Single by Wiley Walker and Gene Sullivan
- B-side: "Live And Let Live"
- Released: 1941
- Recorded: 1940
- Genre: Folk, Country
- Length: 2:36
- Label: Okeh
- Songwriters: Wiley Walker, Gene Sullivan

= When My Blue Moon Turns to Gold Again =

"When My Blue Moon Turns to Gold Again" is a song written by Wiley Walker and Gene Sullivan in 1940. They first recorded it in 1941.

==Background==
According to Gene Sullivan, the song, “When my Blue Moon Turns To Gold Again,” was written out of necessity. Sullivan commented, “The 1940 recording session that Wiley Walker and I did for Columbia Records was a mistake. We didn’t know anything about original songs. We just recorded songs that we liked to sing. The Columbia A & R man, Art Satherley, trashed most of the tunes we recorded and we had to learn six new songs in one day. He finally sat us down and told us that we were going to have to come up with original songs if we wanted to stay in the recording business. That was all new to us because we had never done that. So I started to try to write songs.”
“During that time, I was moving my family and everything we owned in our car from Lubbock Texas to Oklahoma City for a new job.
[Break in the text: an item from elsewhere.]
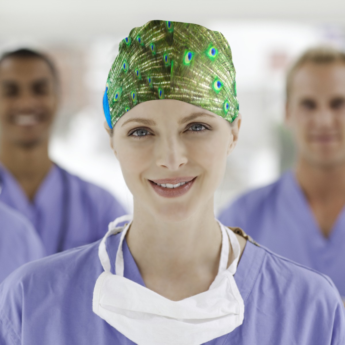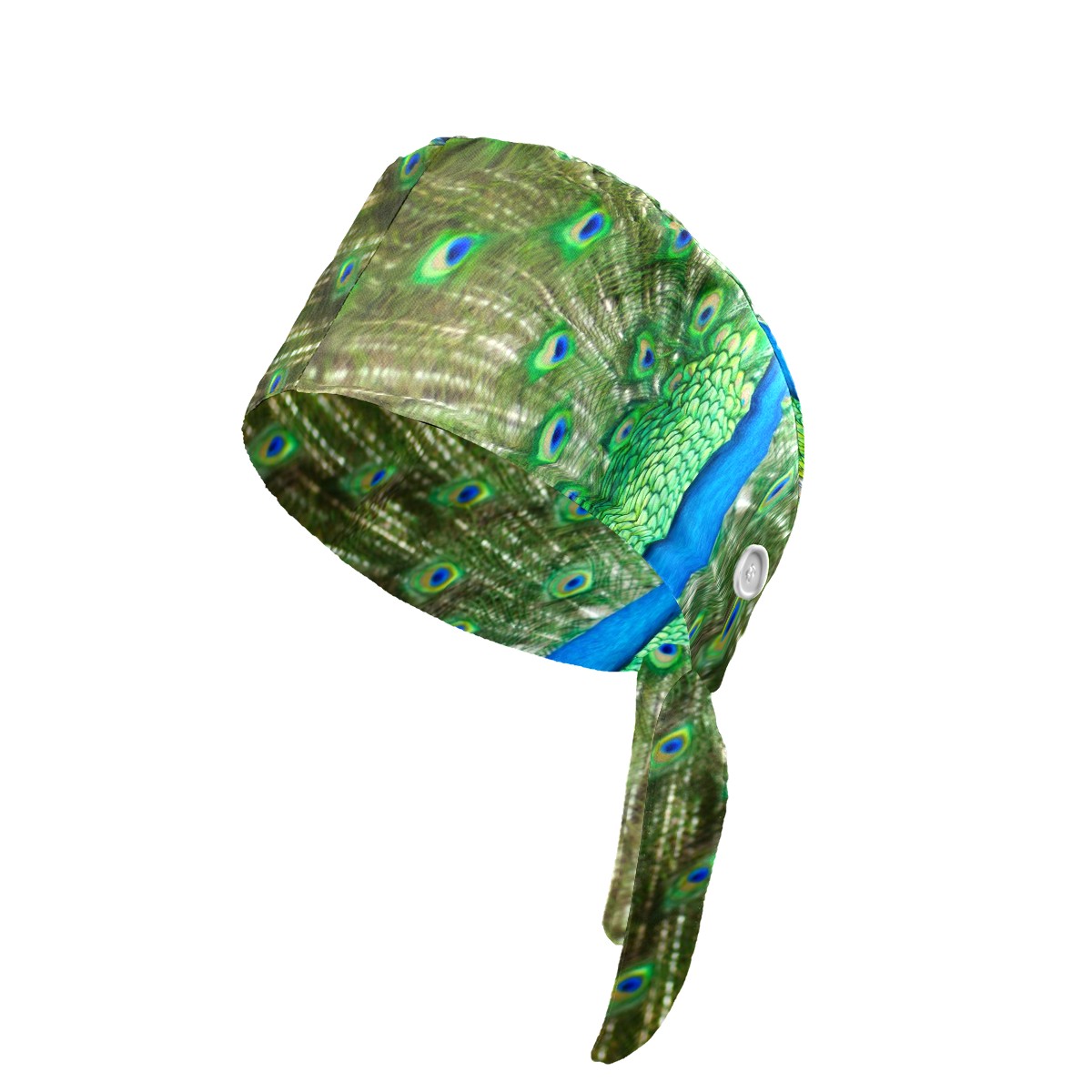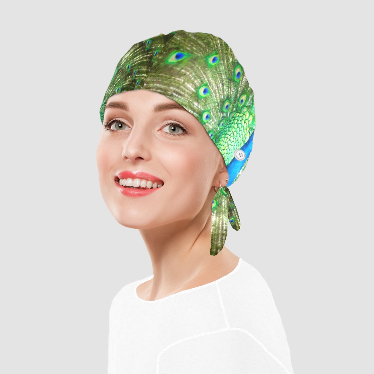 Adjustable Working Caps,Animal Peacock Feather Bouffant Hat With Button and Sweatband , Hair Covers Head Cover Turban Cap for Women/Men

I drove all night across Texas looking right into a bright full moon. The moon was so bright that I could even turn off the car headlights and still see the road. And that’s where I got the idea for ‘When My Blue Moon Turns To Gold Again.’ And I wrote that song on that trip.”
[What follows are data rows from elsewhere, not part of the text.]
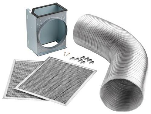 Kit includes 8" round metal flex duct, diverter and filters for 36” or 42” hood
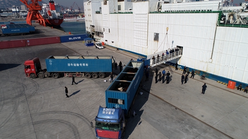 载有2405头澳大利亚波特兰活牛的利比里亚籍“长顺”轮顺利靠泊石岛新港。 杨志礼 摄
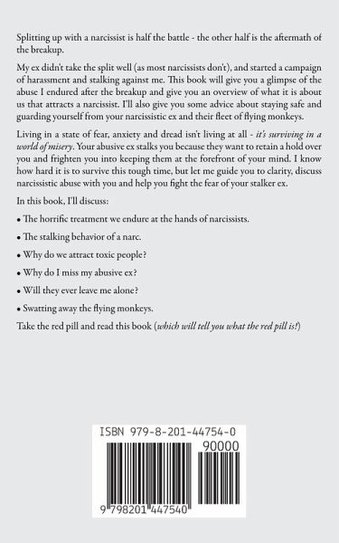 Splitting up with a narcissist is half the battle - the other half is the aftermath of the breakup. My ex didn't take the split well (as most narcissists don't), and started a campaign of harassment and stalking against me. This book will give you a glimpse of the abuse I endured after the breakup and give you an overview of what it is about us that attracts a narcissist. I'll also give you some advice about staying safe and guarding yourself from your narcissistic ex and their fleet of flying monkeys. Living in a state of fear, anxiety and dread isn't living at all - it's surviving in a world of misery. Your abusive ex stalks you because they want to retain a hold over you and frighten you into keeping them at the forefront of your mind. I know how hard it is to survive this tough time, but let me guide you to clarity, discuss narcissistic abuse with you and help you fight the fear of your stalker ex. In this book, I'll discuss: • The horrific treatment we endure at the hands of narcissists. • The stalking behavior of a narc. • Why do we attract toxic people? • Why do I miss my abusive ex? • Will they ever leave me alone? • Swatting away the flying monkeys. Take the red pill and read this book (which will tell you what the red pill is!)

One historian noted that "their disc is said to have sold millions".

==Cover versions==
The song has been recorded by among others:
- In 1944, Cindy Walker had a No. 5 on the Best Selling Retail Folk Records chart with the song.
- In 1948, Cliffie Stone hit No. 11 on the Best Selling Retail Folk Records chart with the song.
- In 1956, Elvis Presley included it on his album Elvis.
- Sammi Smith
- The Statler Brothers
- Hank Thompson
- Emmylou Harris
- Jerry Lee Lewis

==In popular culture==
- On January 6, 1957, Presley sang it in front of an audience estimated at 50 million viewers, as part of his third and last appearance on The Ed Sullivan Show.. Elvis also sang in on The '68 Comeback Special recorded in Las Vegas in 1968.